There are two schools of thought in the current debate to raise federally mandated minimum wage: 1). Liberal social democrats want to use such legislation for political gains in hopes of taking control of the US House of Representatives. 2). Others view it as justified given the robust national economy, therefore, this ought to be the overriding reason for the proposed increase.
We agree with the latter view although the impact would cost midsize and small business some $17 Billion to accommodate the new increase. Conservatives have equally sought tax breaks for this group of businessmen to ease the impact of another likely mandate increase in wages.
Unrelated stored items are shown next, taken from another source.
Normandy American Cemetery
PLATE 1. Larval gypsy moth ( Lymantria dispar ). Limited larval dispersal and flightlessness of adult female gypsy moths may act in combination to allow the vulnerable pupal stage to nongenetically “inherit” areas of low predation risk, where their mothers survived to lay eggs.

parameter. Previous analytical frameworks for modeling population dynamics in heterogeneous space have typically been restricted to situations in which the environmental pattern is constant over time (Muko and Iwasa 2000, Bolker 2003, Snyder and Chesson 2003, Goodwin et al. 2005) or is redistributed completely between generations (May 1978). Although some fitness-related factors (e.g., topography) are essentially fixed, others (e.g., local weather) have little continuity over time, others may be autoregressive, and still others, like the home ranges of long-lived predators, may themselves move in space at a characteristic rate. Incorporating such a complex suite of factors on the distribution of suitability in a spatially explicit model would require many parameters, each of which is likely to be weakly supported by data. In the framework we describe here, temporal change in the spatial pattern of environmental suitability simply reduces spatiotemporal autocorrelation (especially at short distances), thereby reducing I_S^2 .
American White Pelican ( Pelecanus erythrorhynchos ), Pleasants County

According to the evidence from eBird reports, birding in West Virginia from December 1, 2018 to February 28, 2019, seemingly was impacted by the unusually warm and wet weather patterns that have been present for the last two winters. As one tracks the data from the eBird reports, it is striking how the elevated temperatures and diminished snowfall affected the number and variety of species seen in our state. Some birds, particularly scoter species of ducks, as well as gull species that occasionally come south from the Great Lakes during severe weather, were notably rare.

The tax breaks being sought ought to help the smaller businesses muddle through another round of unsolicited mandated increase in hourly wages.
The robust national economy hasn’t descended on these isles and not by any stretch of the imagination. The fact that we’re in the Pacific Rim has definitely adversely affected our fragile economic foundation when Japan and Asia were hit by the worse economic flu three years ago. Coupled with the unstabling effects of a planned federal takeover which began in 1993 until recently, investors have basically overruled funneling their hard-earned funds in these isles, not to mention our penchant to add salt to injury through protectionist measures.
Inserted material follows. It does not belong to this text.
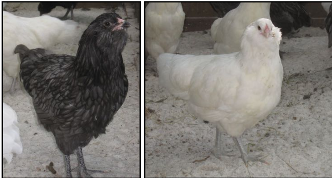
Some of Stan's favorite birds this spring.

So hopefully this fall we will begin getting back to the 'new normal' and that means fall poultry shows! I hope to get out to a few and see some old friends and make some new ones! I'm still working to get consistent color back into the White chicks. By being very selective, I hope to eliminate the yellow chicks and get back to consistently getting the light Grey chicks, that will produce the better colored Whites.

Frankly, it would be foolhardy to even entertain the notion of including the NMI under the proposed increase in federal wages. And not when revenue generation from our primary tourism industry has gone deep south. Furthermore, we humbly ask the Clinton administration to ascertain equal application of federal policies in these isles in much the same way that it granted American Samoa its industry wage. The argument by detractors that our situation is different because the NMI economy is larger than American Samoa is fluid at best. The principle of equal application of federal policies must be exercised no differently in any and all insular areas.
Finally, the cumulative benefits and salaries of guest workers here pans out to about $6.61 an hour. And additional increase would give this group of workers about $7.61 an hour, far exceeding the proposed federal statutory increase. Regardless of whether such increase is imposed on the service or manufacturing sector here, the net effect would still be the same: a forced economic meltdown of the NMI’s fragile economy. And the NMI is one group of US Citizens who never benefited from the “economic good times”. In fact, there seems to be a well planned scheme to “leave us behind”.
As difficult as it may seem for our detractors to see our situation through our lenses, our best hope lies in the good hearts of our friends in the US Congress who equally despise constant strangling federal laws and regulations. Si Yuus Maase`!